Ramblings of an old Doc

 

The latest scammers show knowledge of customers’ phone numbers, PC serial numbers and their support history.

This was first reported in arstechnica back in January 2016, but it turns out, in Dell’s Forums in July 2015 there was a customer post about a similar incident of tech support calling with all the computer’s info and support history. When this customer pressed to know what was going on he got shut sown with

"Dell is aware of this and other complaints and is investigating," the employee wrote. "No, there will not be a public post/blog.
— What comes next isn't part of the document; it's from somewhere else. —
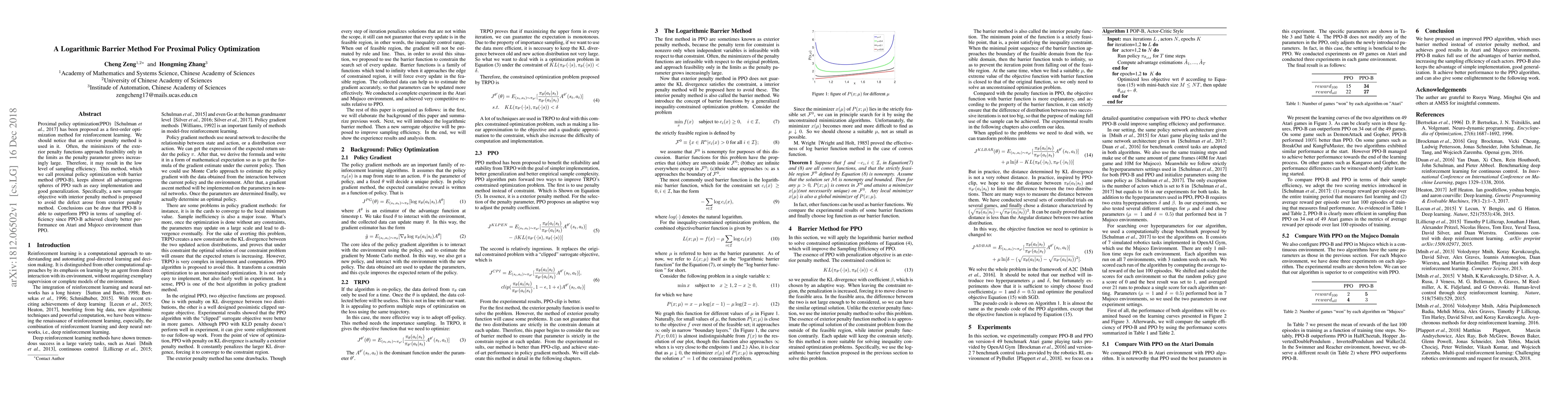 Proximal policy optimization(PPO) has been proposed as a first-order optimization method for reinforcement learning. We should notice that an exterior penalty method is used in it. Often, the minimizers of the exterior penalty functions approach feasibility only in the limits as the penalty parameter grows increasingly large. Therefore, it may result in the low level of sampling efficiency. This method, which we call proximal policy optimization with barrier method (PPO-B), keeps almost all advantageous spheres of PPO such as easy implementation and good generalization. Specifically, a new surrogate objective with interior penalty method is proposed to avoid the defect arose from exterior penalty method. Conclusions can be draw that PPO-B is able to outperform PPO in terms of sampling efficiency since PPO-B achieved clearly better performance on Atari and Mujoco environment than PPO.

We consider this closed from a Forum perspective." – arstechnica, ibid

Also, in August 2016 this appeared in their forums.

This breach is ongoing at Dell.

It’s important for you to know whether you own a Dell (or any other brand) that tech support won’t initiate contact with you by telephone if you just have a regular contract (warranty) with them. Neither will Banks nor the IRS.
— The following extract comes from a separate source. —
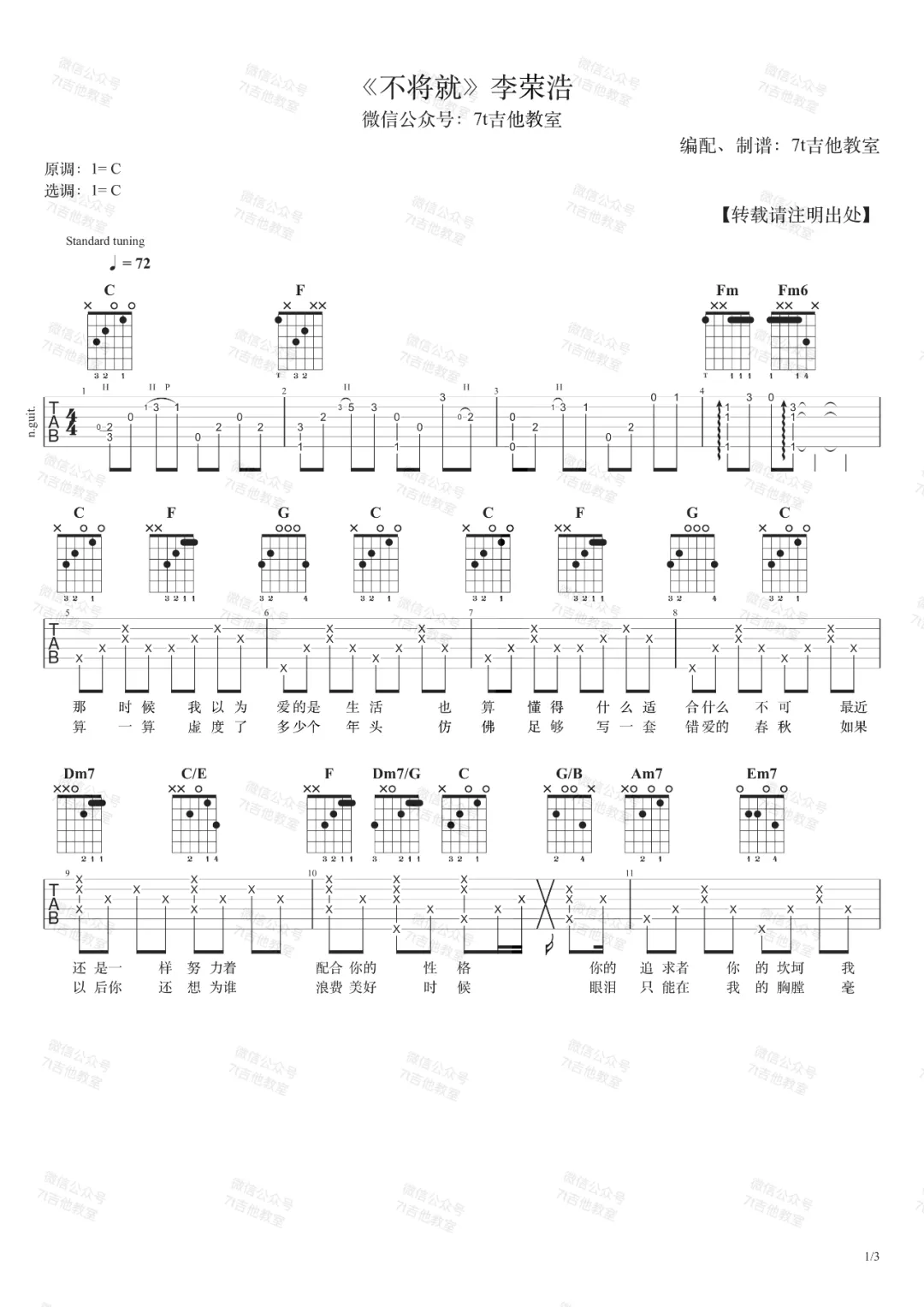李荣浩《不将就》吉他谱,7T吉他教室编配出品,共有3张高清图谱。...

However, if you have one of their premium services, like Dell Tech Concierge, Dell Premium Support or Dell ProSupport services, they can initiate calls with you. I’m not sure whether that is the case with other companies.

This is what I would suggest if you are contacted:

1) If you get a call, be polite but firm in rejecting whatever they’re offering/selling or advising the download of. Don’t argue. Note the number you’re being called from.

2) Look up the phone number of whichever company is calling you on that company’s official website and navigate by yourself to tech support or their fraud division. Call and report the instance no matter what they tell you about your computer’s numbers or support history.

Dell has finally acknowledged an ongoing fraud to arstechnica. They also published this on 10/2/15, on their website. They could have sent an email but that’s the kicker: Your support history anywhere has your email as well.

So…if support has to contact you, just how are they going to do it? Also, when will they find the spyware on their system?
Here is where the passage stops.